Weekly Market Update: January 29, 2024
The consumer sector remains the linchpin in the continued expansion of the U.S. economy. This is not surprising, given the sustained strength of the labor market. According to the Labor Department, nonfarm payrolls climbed by an estimated 2.7 million in 2023, and the unemployment rate ended the year at 3.7%, near a historic low. This has not changed so far in 2024, as initial jobless claims in mid-January totaled 187,000, the lowest level since September. The tight labor market, which saw average hourly wages rise 4.1% in December, a rate above price growth at both the consumer and producer levels, has increased the purchasing power of the consumer. On point, December retail sales increased 0.6%, double the consensus forecast.
A “soft landing” for the U.S. economy remains plausible. (Note that the first reading on the fourth-quarter gross domestic product (GDP) was due shortly after we went to press.) The expectation was that GDP expanded at an annualized rate of 2.5% during the final three months of last year. A recession, which Wall Street was expecting following the Federal Reserve’s mostrestrictivemonetarypolicycoursein four decades, has yet to materialize.
This economic backdrop does not put pressure on the Fed to begin cutting rates, especially with inflation still running above target. However, in a Presidential election year, all bets may be off, and Wall Street is still predicting an interest-rate reduction at the May Federal Open Market Committee (FOMC) meeting.
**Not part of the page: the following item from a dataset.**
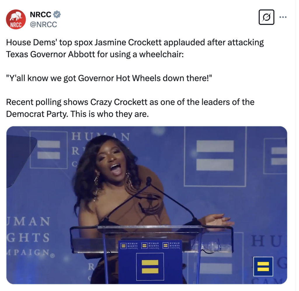 La nueva líder Demócrata Jasmine Crockett fue ovacionada por burlarse de la discapacidad del gobernador de Texas, Greg Abbott, llamándolo “Gobernador Hot Wheels.”

Our stance is that the Fed will pivot in the second half of this year and that we may see three quarter-point reductions in 2024. That said, any added stress in the bank or commercial real estate sectors could cause the lead bank to act sooner or more forcefully.
Meantime, Wall Street is keeping an eye on fourth-quarter earnings season, which got off to a decent start. However, the consensus is still calling for a low-single-digit profit decline for the S&P 500 Index. This is not an ideal scenario, especially with many stocks trading at elevated price-to-earnings multiples.
Conclusion: The S&P 500 Volatility Index recently traded at a level suggesting that the stock market is overbought. Thus, we think a portfolio consisting of mostly high-quality stocks is the best near-term investment strategy.